We applied L1EM to all human 100 bp paired end, strand specific polyA RNAseq experiments in the ENCODE database (127 datasets including 49 from cell-lines, 16 from in vitro differentiated cells and 62 from tissues.) The full results of this analysis can be found in Supplementary Tables S1–S4. Based on our tests using simulated (Fig. 2) and L1 5’RACE data (Fig. 3), we made the somewhat conservative assertion that we can be confident in L1EM’s expression estimate at loci where at least 100 read pairs are estimated to align. We therefore used a cutoff of at least 100 reads pairs and FPM > 0.5 in at least one replicate to call expression at a given locus in a particular sample type. Figure 4, top panel, shows a heat map with all intact loci that meet these criteria in at least one sample of total or cytoplasmic RNA, and all such samples that meet these criteria at least one intact locus. Intact loci are defined to be full length insertions that have no nonsense mutation in either or ORF1 or ORF2.

Fig. 4.

Fig. 4.

ENCODE data. Estimates of L1HS locus expression from ENCDOE data (100 bp paired end, strand specific). Top: Loci expressed as only or run-on LINE-1 transcripts. Bottom: Loci expressed as from the antisense transcription start site

This analysis shows LINE-1 expression in several cancer cell lines (MCF-7, NCI-H60, HepG2 and K562), along with embryonic stem cells (H1-ESC) and several H1 derived cells including mesendoderm, trophoblast, mesenchymal stem cells and neural stem cells. Of the tissues tested, only esophagus samples achieved our expression criteria. However, in two of two brain and one of two testis samples, an intact locus was expressed at >0.5 FPM, but these samples were not sequenced deeply enough to achieve the 100 read pair cutoff. This result is broadly in agreement with what is known about LINE-1 activities in cancer, in early development and during neuronal differentiation.
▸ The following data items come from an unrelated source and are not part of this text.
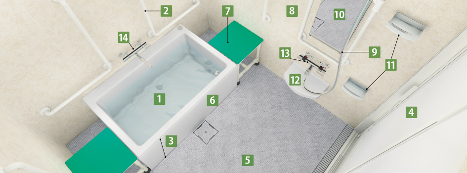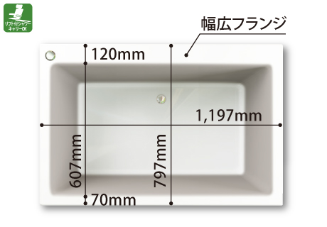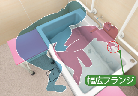 幅広フランジが特長です。標準プランは幅広フランジを壁側に設置します。これにより手すりや壁付浴槽水栓(オプション)などの出っ張りを避けることができます。またフランジが広い分、入浴の際に手をつきやすく身体を安定させる働きもあります。
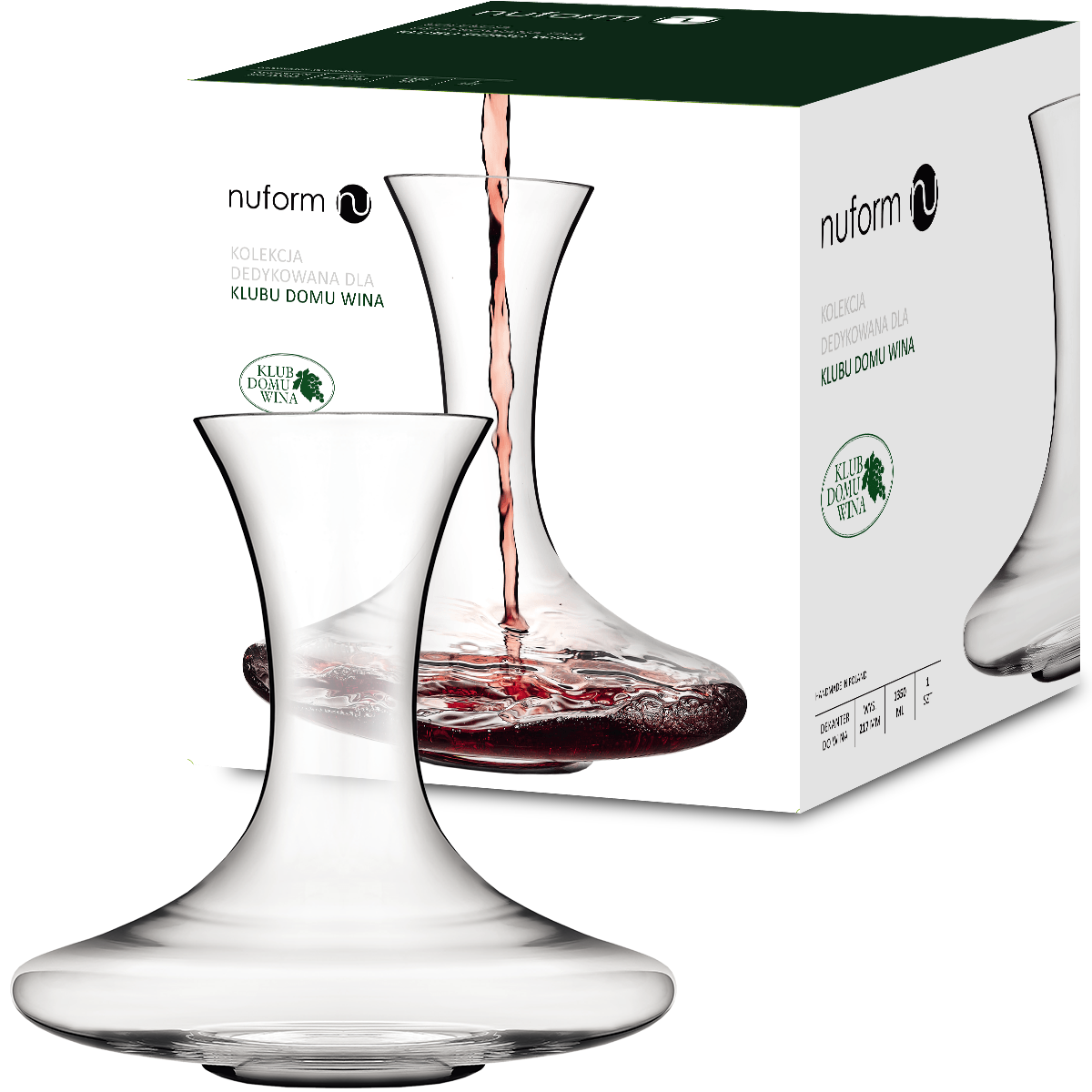 Nuform to kolekcja szkła użytkowego o prostej, nowoczesnej formie przeznaczona dla pasjonatów i wielbicieli wina. Dekanter Nuform o pojemności 1,35l został wykonany ręcznie ze szkła najwyższej jakości. Klasyczna forma karafki pozwala na wygodne nalewanie z butelki i podawanie wina.
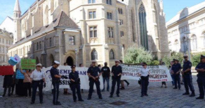 Ellerinde Kuran ve hurma ağacı bulunan aşırı sağcılar, 'İslam dünyaya hakim olacak', 'Burka herkes için', 'Çarşaf bugün bizim için, yarın sizin için' ve 'Özgürlük, cehenneme gidebilir' yazan pankartlar ile üzerinde 'İyi yolculuklar', 'Uyum yalandır' ve 'Tersine göç havayolları' yazan Viyana-İstanbul tek yön bilet pankartı açtı.
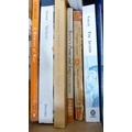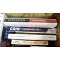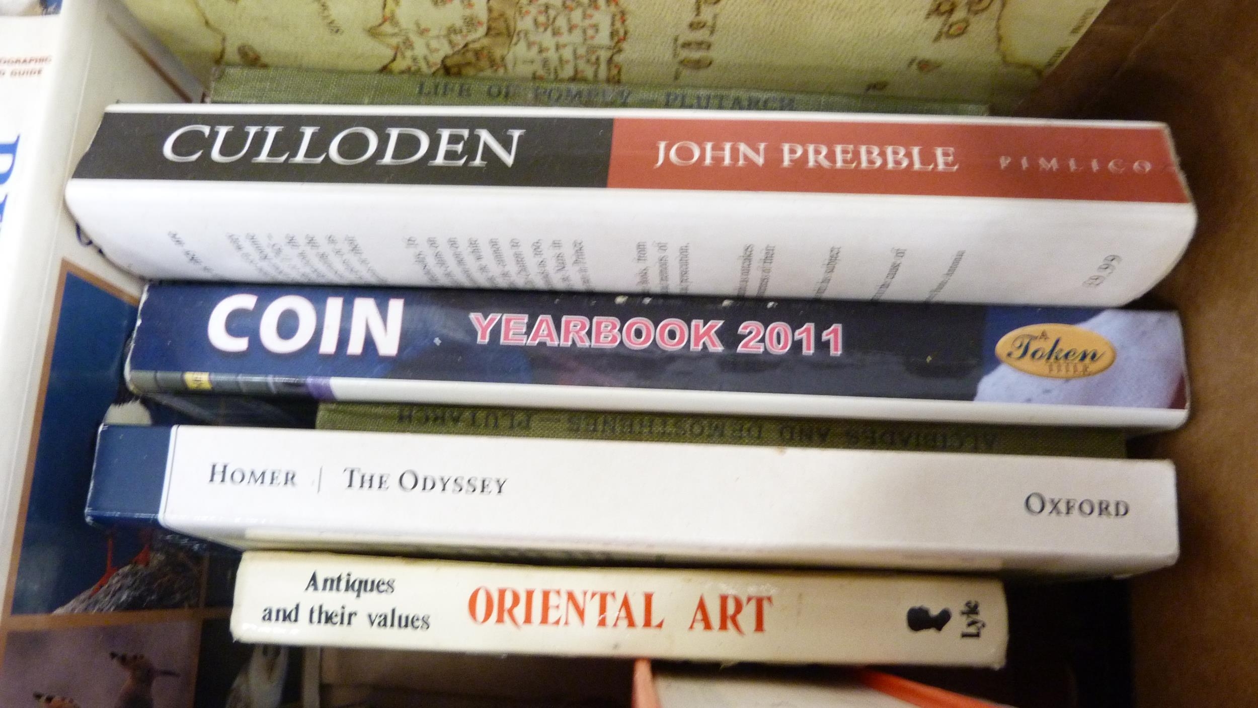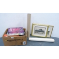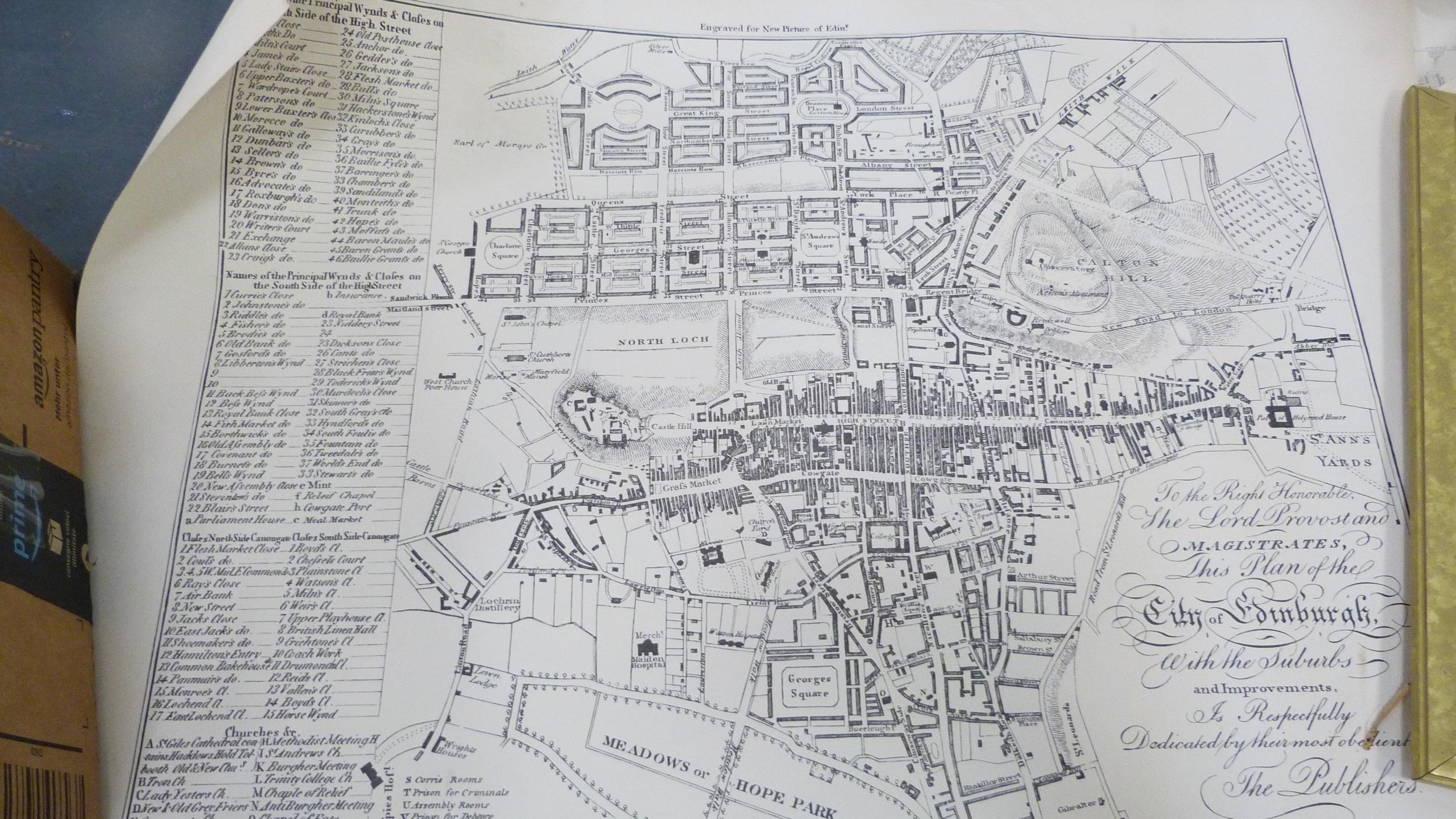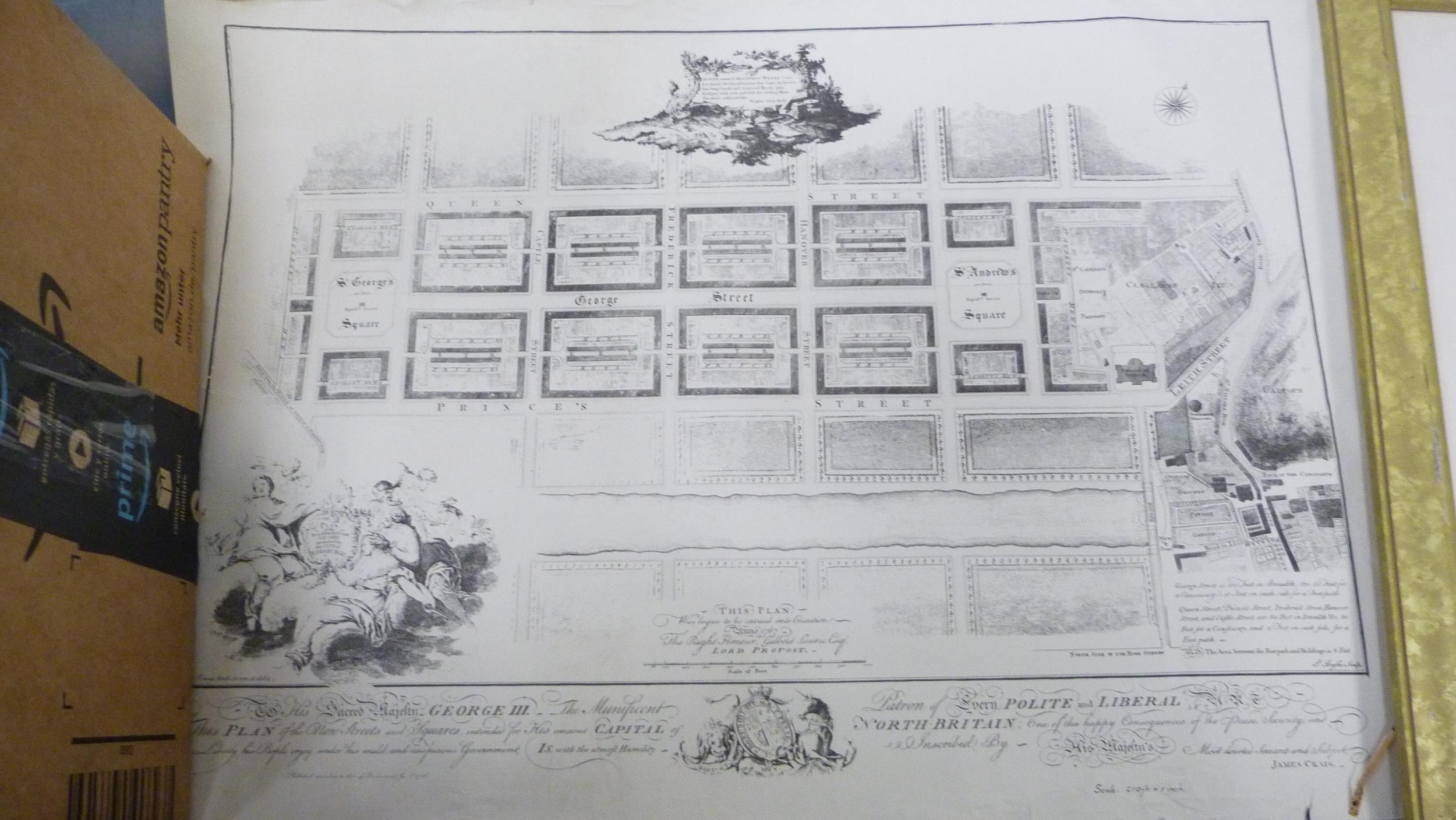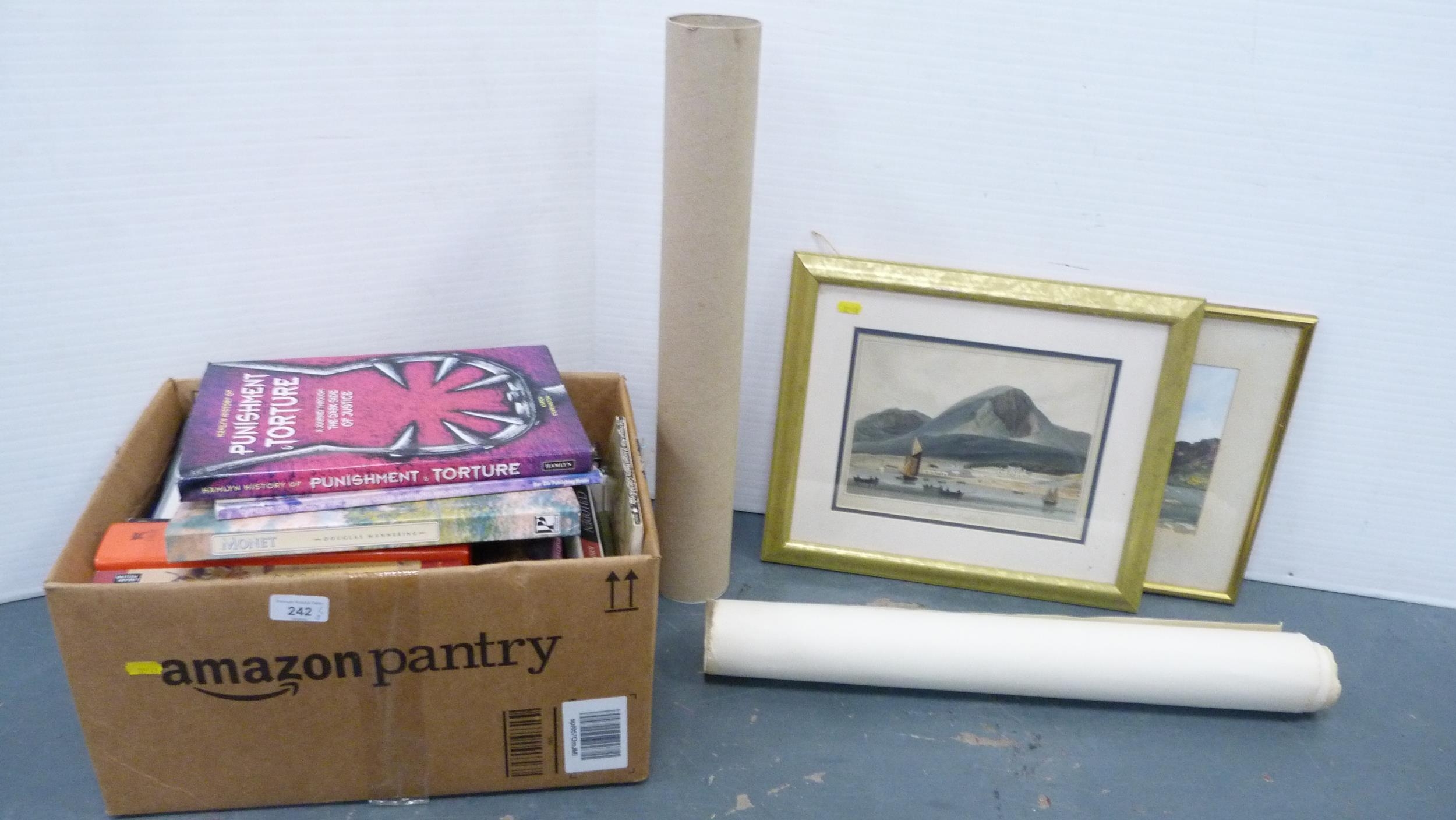 Carton containing books to include collectors' books, print of Skye, a watercolour by W Donaldson of a coastal scene, later engravings of plans of Edinburgh in a scroll.
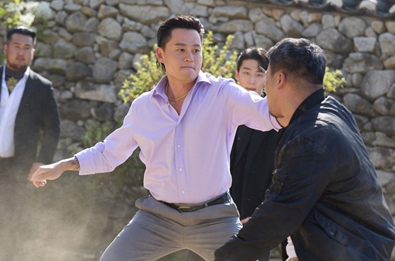 이서진은 압도적 눈빛과 꼿꼿한 자세, 올백으로 넘긴 머리와 이마에 드러난 상처, 풀어헤친 셔츠 단추와 근육질 팔을 둘러싼 문신 등으로 조폭 이인자 김득팔의 날카로운 기세를 엿보게 했다.

One locus, chr22: 28663283-28669315 (chr22q12.1) located in the tetratricopeptide repeat gene TTC28, is the most highly expressed or one of the most highly expressed loci in all of these samples. Across all of the ENCODE samples tested, it accounts for 17% of intact L1HS expression. It is also the highly expressed locus in HEK293 (see Section 3.2). The overall expression pattern in H1-hESC and derived mesendoderm cells is quite different from the pattern in cancer cell-lines. In H1-hESC and mesendoderm cells, LINE-1 is expressed from a broad set of loci, but in the cancer cell-lines, one or a few loci dominate.

We also looked at estimates of transcription originating from the LINE-1 antisense transcription start site. Samples for which at least one read pair per million properly mapped is assigned to L1HS antisense transcripts are shown in Figure 4, bottom. As noted previously (Philippe et al., 2016) we see little overlap between proper LINE-1 expression and antisense expression. Only one locus (7p14.3) achieves our criteria for both proper and antisense expression, but it is not expressed in overlapping samples. One third of all antisense transcription is estimated to come from a locus for which the LINE-1 antisense TSS is coopted to be the TSS for the focadhesin (FOCAD) gene.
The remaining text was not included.